Düşmandan Yarar Sağlama Yolları

Ahmaklar dostluklarını bozar, oysa sağduyu sahibi olanlar düşmanlıkları bile kazanca çevirmeyi bilir. İlk insanlar, farklı türden olan yabani yaratıkların pençelerine düşmemekle yetiniyordu. Yırtıcı hayvanlara karşı verdikleri mücadelenin amacı buydu. Sonra onların çocukları yabani hayvanlardan yararlanmayı öğrendi. Zaten, etlerini beslenmek, postlarını giyinmek, derilerini silahlanmak için kullandıklarında hiç mi yarar sağlamıyorlardı? Çiftçi her ağacı verimli kılamaz, avcı karşısına çıkan ilk hayvani evcilleştiremez; bu yüzden yarar sağlamanın başka yollarını aramışlardır. İlk olarak bitkilerin verimsizliğinden, ikinci olarak ise hayvanların yabaniliğindan yararlanmışlardır. Deniz suyu içilmez, tadı kötüdür, ama balıklara can verir, her yöne yolculuk yapılabilmesine elverişlidir. Onu kullananlar için hem bir ulaşım yolu hem de bir taşıttır. Ateş dokunulursa yakar ama, ateşi kullanmayı bilirsen ondan ısı ve ışık sağlayabilirsin.

 

Adamın biri Tesalyalı Prometheus’u öldürmek istiyordu. Hedefine ulaşmak için kılıcıyla Prometheus’a vurunca bir çıbanı yardı, böylece bir apseyi boşaltarak onun iyileşmesini sağladı. Öfke ya da husumetle söylenmiş bir dedikodunun etkisi de çoğunlukla budur: Varlığından şüphelendiğimiz ve ihmal ettiğimiz bir hastalıktan iyileştirir ruhumuzu. Ama insanların çoğunluğu azarlandıkları zaman, o paylamaların bir temele dayanıp dayanmadığını öğrenmeye çalışmaz. Suçlamalara suçlamayla karşılık verir. Kendilerine saldıranı başka bir kusuru olmakla suçlar. Böyle yaparak, tozlar içinde kapışan güreşçilerin oyununu taklit ederler:

1

Düşmanlarının ayıpladığı küçük kusurlardan kendilerini arındırmak yerine, karşılıklı olarak birbirlerini suçlayıp dururlar. Öyle ki, sonunda sırayla ikisinin de öldüğü bir kavgada, alabildiğine karalanırlar. Böyle durumlarda, giysilerimizde bize gösterilen bir lekeyi çıkarırken göstereceğimiz özenden daha büyük bir özenle, başımıza kakılan aksaklığı düzeltmek daha akıllıca olmaz mı?

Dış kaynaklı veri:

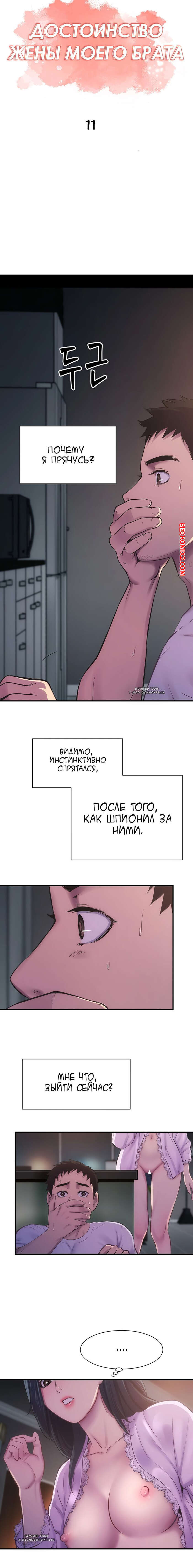 Порно комикс Достоинство жены моего брата. Части 10 и 11. Brothers wife dignity Парнишка продолжает пялиться на горячую жену своего брата. Оставшись с ней наедине, он никак не смог сдержать свое возбуждение, поэтому стал приставать к ней и ласкать ее большие сиськи, после чего хорошенько ее выебал.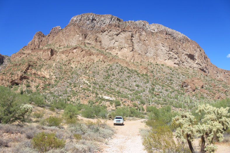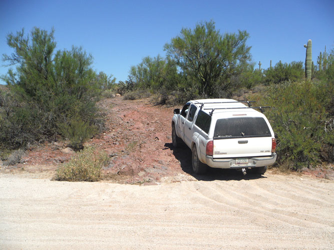 I was able to backtrack to a faint trail just west of Big O Wash and follow it out to the Whitlow Ranch Road near Waypoint F. The co-ordinates for the turn west of the wash are: N33° 05' 5.11" and W111° 13" 13.25". The co-ordinates for Waypoint F are: N33° 04' 38.14" and W111° 14' 33.01". This ranch road was not on the original route from the diversion dam. From Waypoint F, it is approximately 7-8 miles south on the Whitlow Ranch Road to the Florence-Kelvin Highway.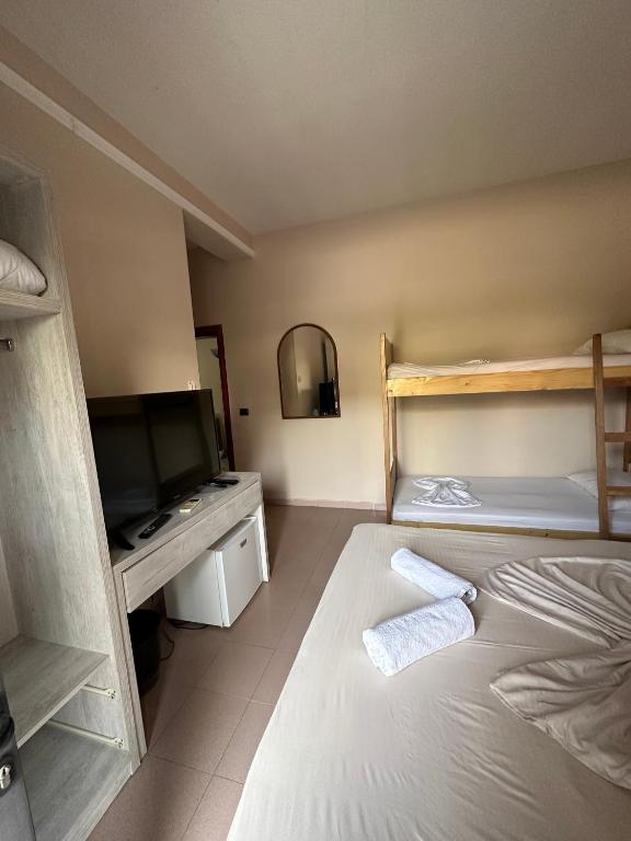 Seashell Beach Rooms in Durrës offers family rooms with balconies, sea or garden views, air-conditioning, and private bathrooms. Each room includes a work desk, dining area, and modern amenities to ensure a comfortable stay.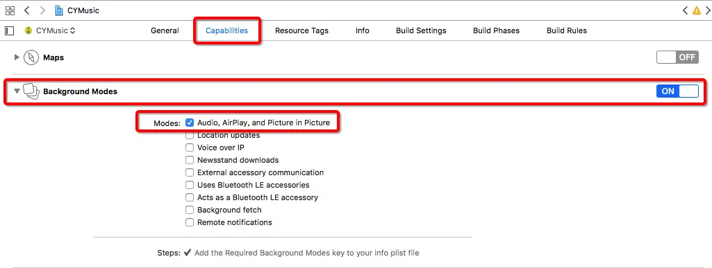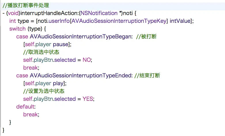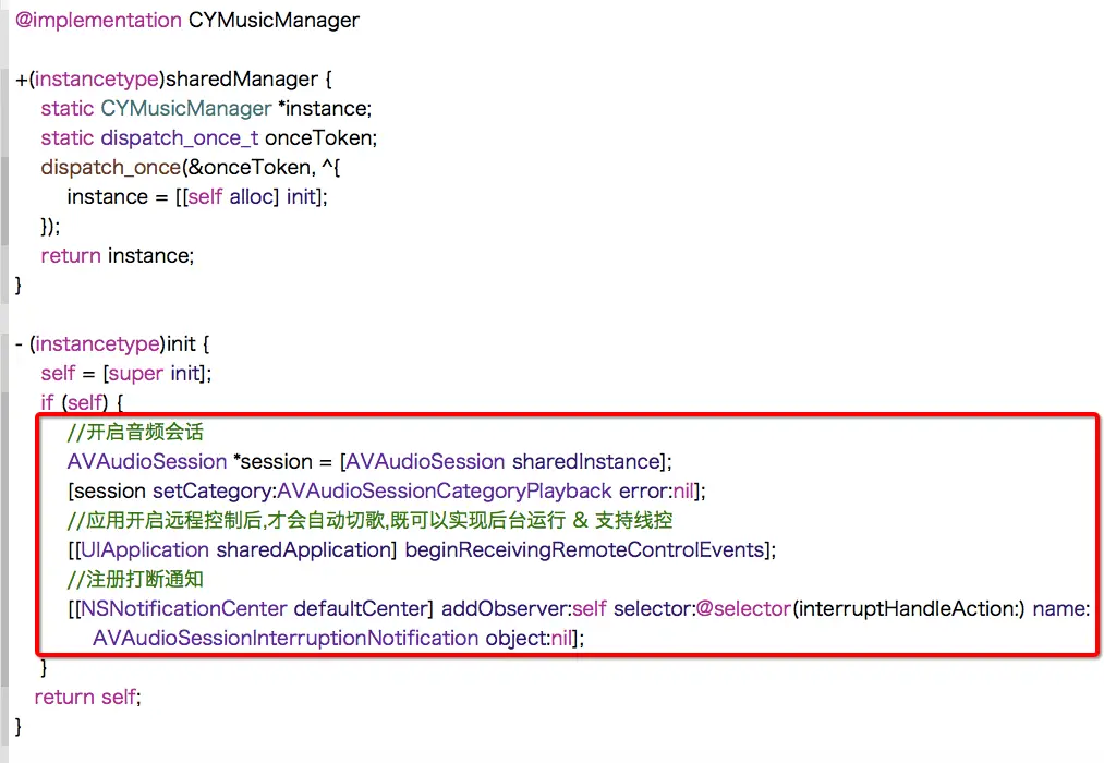 仅仅打开后台运行模式的话,在真机上进行后台播放时,只会持续几秒钟就会挂起,如果想要持续在后台运行模式下播放,还需要在音频管理单例的初始化方法中开启音频会话,代码如下: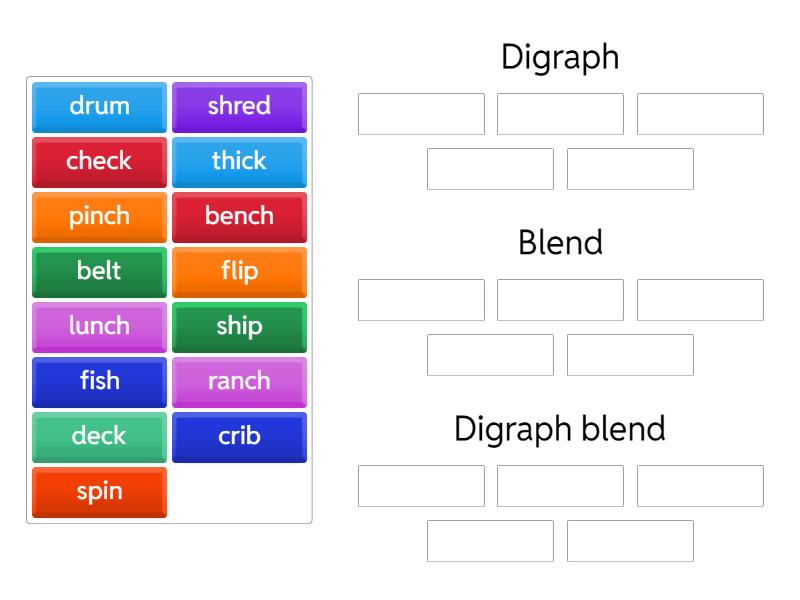 Digraph : check, deck, fish, ship, thick, Blend: spin, flip, drum, belt, crib, Digraph blend: lunch, shred, pinch, bench, ranch,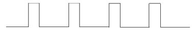 已經降到最窄了。如果輸出電壓電流繼續下降,要求控制脈沖繼續變窄,但PWM電路已無法滿足,這時電路變為間歇工作, 形如: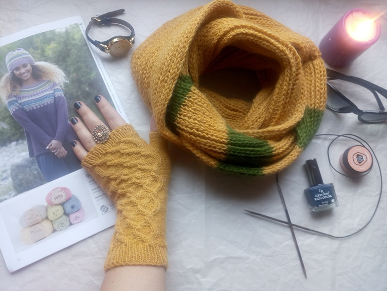 Лето польское весьма загадочное...готовлюсь к осени из того что осталось решила связать шарфики шапки и митенки.Митенки -моя любовь...Шарф-снуд еще не завершен,а митенки готовы.

Eğer hiç mi hiç bulunmayan kusurlar bize atfediliyorsa, bu kara çalmanın nedenini aramalı; bizde bulunduğu ileri sürülen hatanın benzeri ya da tıpatıp aynısı bir hatayı, denetim ve kavrayış sayesinde, farkında olmadan işlememeye çalışmalıyız.

Bir ayetin meali ile konuyu noktalamak istiyorum: “Fussilet Suresi 34 ve 35. ayetlerde Rabbimiz şöyle buyuruyor: “Hem iyilik de bir değildir, kötülük de. Kötülüğü en güzel bir şekilde sav. O zaman seninle kendi arasında bir düşmanlık olan kişinin, sanki samimi bir dost gibi olduğunu görürsün. Bu olgunluğa ancak sabredenler kavuşturulur, buna ancak hayırdan büyük bir pay sahibi olan kavuşturulur.”